<<<<

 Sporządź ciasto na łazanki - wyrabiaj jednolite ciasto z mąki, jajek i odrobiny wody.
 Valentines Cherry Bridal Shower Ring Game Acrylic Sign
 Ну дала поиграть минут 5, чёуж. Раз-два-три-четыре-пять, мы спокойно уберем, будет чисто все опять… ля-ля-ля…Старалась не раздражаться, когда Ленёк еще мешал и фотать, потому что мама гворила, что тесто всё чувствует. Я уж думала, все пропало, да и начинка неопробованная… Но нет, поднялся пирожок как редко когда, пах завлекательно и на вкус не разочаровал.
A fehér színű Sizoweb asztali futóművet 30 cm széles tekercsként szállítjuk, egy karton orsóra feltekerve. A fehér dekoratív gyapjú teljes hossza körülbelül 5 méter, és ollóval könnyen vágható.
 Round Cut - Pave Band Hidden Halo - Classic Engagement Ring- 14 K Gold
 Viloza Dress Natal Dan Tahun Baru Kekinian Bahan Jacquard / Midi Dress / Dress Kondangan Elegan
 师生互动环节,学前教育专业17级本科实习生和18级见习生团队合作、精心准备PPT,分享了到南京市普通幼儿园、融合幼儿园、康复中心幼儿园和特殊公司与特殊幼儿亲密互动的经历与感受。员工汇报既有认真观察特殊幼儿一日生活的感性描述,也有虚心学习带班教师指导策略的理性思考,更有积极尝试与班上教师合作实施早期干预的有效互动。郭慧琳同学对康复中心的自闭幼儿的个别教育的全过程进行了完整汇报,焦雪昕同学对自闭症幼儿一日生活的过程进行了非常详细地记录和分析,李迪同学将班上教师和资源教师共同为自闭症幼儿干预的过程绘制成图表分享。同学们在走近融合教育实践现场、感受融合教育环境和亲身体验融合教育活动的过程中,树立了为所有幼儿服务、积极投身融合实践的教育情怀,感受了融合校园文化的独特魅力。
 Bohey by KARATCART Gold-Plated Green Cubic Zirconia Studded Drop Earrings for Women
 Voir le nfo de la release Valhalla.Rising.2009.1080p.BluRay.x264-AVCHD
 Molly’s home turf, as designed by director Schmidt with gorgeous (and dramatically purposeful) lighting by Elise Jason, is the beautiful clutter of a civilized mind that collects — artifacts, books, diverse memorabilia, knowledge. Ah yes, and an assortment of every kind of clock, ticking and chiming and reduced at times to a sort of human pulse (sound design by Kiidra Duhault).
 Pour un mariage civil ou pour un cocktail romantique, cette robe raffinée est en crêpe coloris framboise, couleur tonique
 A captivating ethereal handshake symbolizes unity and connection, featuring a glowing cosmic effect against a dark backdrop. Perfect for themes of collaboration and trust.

>>>>

What is expected =
Give the number of lines in the listing above that contain the word "Gold", with no other text.

Answer box =
2